You cannot configure the rules engine for domain names with special configurations.
The rules engine configuration takes precedence over settings under other tabs.
By default, the newest rule is displayed at the top. When multiple rules exist, those listed higher have a higher priority than those listed lower. That is, if multiple rules are matched, the rule with the highest priority takes effect.
A trigger condition supports up to three levels of nesting. The logical operator of all rules at the deepest level must be either And or Or.

Procedure

Log in to Huawei Cloud console. Choose Service List > Content Delivery & Edge Computing > Content Delivery Network.
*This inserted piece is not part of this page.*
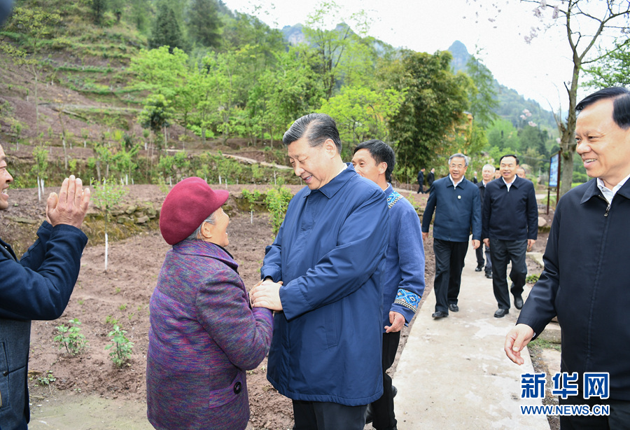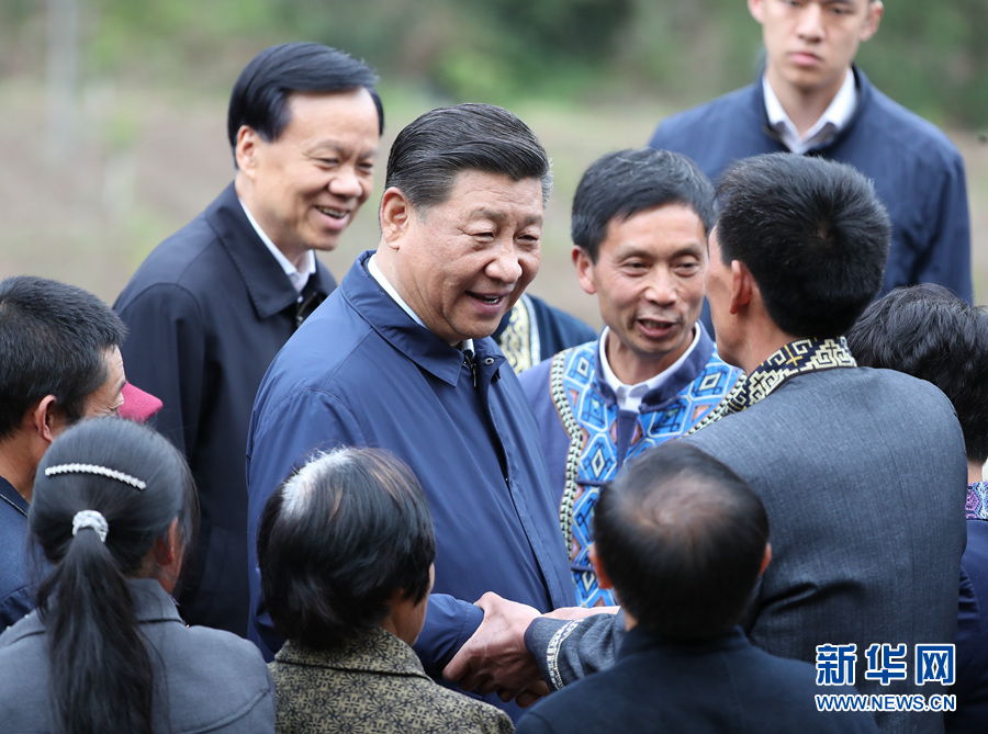 4月15日至17日,中共中央總書記、國家主席、中央軍委主席習近平在重慶考察,并主持召開解決“兩不愁三保障”突出問題座談會。這是4月15日下午,習近平在石柱土家族自治縣中益鄉(xiāng)華溪村同村民親切交流。 新華社記者 丁海濤 攝
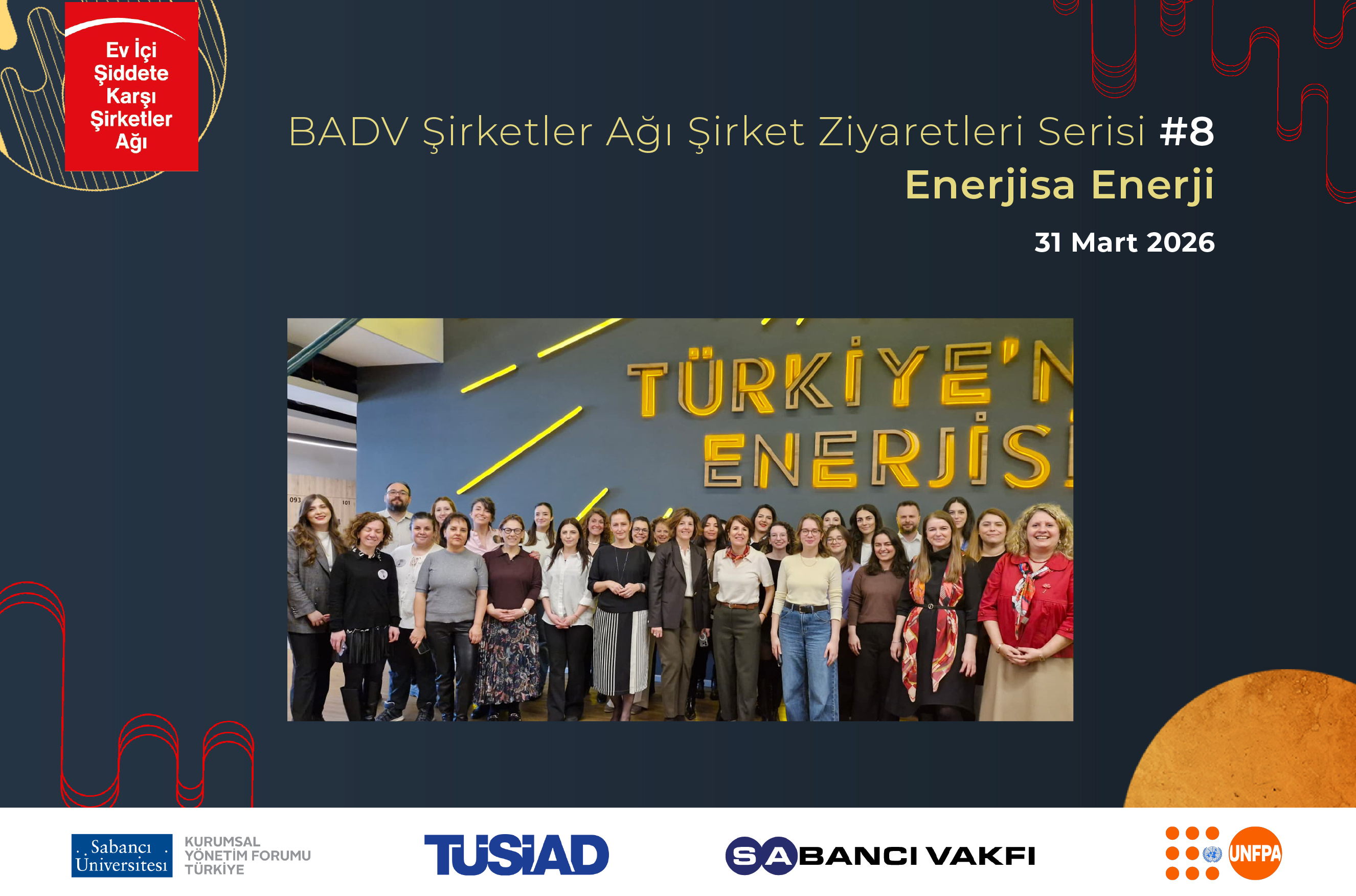 BADV Şirketler Ağı üyelerinin toplumsal cinsiyet eşitliğinin sağlanması ve ev içi şiddetle mücadele konularında şirketlerin birbirlerinin deneyimlerinden öğrenmeleri hedefiyle düzenlenen Şirket Ziyaretleri serimizin sekizincisi, 31 Mart’ta Enerjisa Enerji’nin ev sahipliğinde gerçekleşti.

The CDN console is displayed.
In the navigation pane, choose Domains.
In the domain list, click the target domain name or click Configure in the Operation column.
Click the Rules Engine tab and click Create Rule.
Set Rule Name, configure the rule based on Trigger Conditions and Actions, and click OK.
- Rule Name: Enter 1 to 50 characters.
- Priority: Enter a number ranging from 1 to 100. A larger number indicates a higher priority.
Figure 1 Creating a rule

Trigger Conditions

Each trigger condition consists of a logical operator and a condition rule.

Logical operator: And and Or are used to judge the logic of condition rules (including nested rules) at the same level.

And: triggers actions only when all conditions of the current level are met.
Or: triggers actions when a condition of the current level is met.

Condition rule: consists of a condition, operator, and value. The condition and value define requests to comply with the rule. The operator defines the use cases of the rule.

Operator:

Include any value: The condition is met when user requests include any value of the condition.
Exclude any value: The condition is met when user requests do not contain any value of the condition.

Trigger condition parameters

When a user request matches a trigger condition, the specified actions are performed. Table 1 lists the trigger condition parameters.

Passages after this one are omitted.